» ASSIGNMENT
In the data below, find the line containing "Rion Ensemble à", then set down that line and every later line up to and including the line containing "Du khách thích", exactly.

» SOURCE INFORMATION
◆ ◆ ◆ ◆ ◆
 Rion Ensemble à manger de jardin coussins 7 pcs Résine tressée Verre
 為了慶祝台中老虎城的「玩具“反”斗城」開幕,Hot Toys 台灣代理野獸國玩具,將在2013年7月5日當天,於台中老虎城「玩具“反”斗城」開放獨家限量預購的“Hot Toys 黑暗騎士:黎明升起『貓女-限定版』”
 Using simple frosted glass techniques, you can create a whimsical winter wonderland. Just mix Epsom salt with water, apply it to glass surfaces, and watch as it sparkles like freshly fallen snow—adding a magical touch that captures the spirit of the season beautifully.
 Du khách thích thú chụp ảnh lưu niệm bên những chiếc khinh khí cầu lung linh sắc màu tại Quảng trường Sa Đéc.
◆ ◆ ◆ ◆ ◆
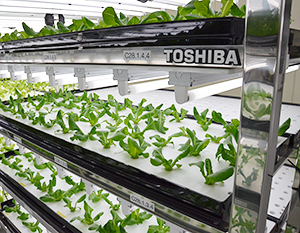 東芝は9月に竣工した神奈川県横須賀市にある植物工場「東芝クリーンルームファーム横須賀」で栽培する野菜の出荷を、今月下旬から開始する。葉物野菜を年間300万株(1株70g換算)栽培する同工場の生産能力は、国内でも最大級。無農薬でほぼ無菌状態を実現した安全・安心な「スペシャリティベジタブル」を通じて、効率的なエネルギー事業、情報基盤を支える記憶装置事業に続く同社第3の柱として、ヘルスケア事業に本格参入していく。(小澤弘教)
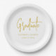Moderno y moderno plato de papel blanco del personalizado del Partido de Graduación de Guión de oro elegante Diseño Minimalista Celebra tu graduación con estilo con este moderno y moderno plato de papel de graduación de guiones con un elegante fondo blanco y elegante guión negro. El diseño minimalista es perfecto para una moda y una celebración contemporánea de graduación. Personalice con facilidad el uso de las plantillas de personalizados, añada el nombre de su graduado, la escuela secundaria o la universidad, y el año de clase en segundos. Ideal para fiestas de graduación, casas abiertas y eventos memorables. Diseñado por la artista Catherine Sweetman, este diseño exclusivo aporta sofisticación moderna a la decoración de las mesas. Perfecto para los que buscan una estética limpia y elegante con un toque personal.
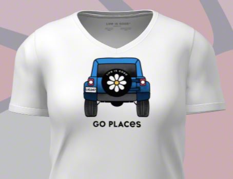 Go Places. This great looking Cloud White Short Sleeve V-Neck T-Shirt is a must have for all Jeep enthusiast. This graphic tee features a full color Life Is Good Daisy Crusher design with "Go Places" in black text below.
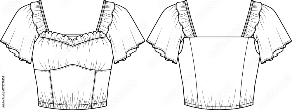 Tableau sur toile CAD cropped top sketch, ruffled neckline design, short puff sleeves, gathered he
◆ ◆ ◆ ◆ ◆
» RESULT OF THE TASK
 Rion Ensemble à manger de jardin coussins 7 pcs Résine tressée Verre
 為了慶祝台中老虎城的「玩具“反”斗城」開幕,Hot Toys 台灣代理野獸國玩具,將在2013年7月5日當天,於台中老虎城「玩具“反”斗城」開放獨家限量預購的“Hot Toys 黑暗騎士:黎明升起『貓女-限定版』”
 Using simple frosted glass techniques, you can create a whimsical winter wonderland. Just mix Epsom salt with water, apply it to glass surfaces, and watch as it sparkles like freshly fallen snow—adding a magical touch that captures the spirit of the season beautifully.
 Du khách thích thú chụp ảnh lưu niệm bên những chiếc khinh khí cầu lung linh sắc màu tại Quảng trường Sa Đéc.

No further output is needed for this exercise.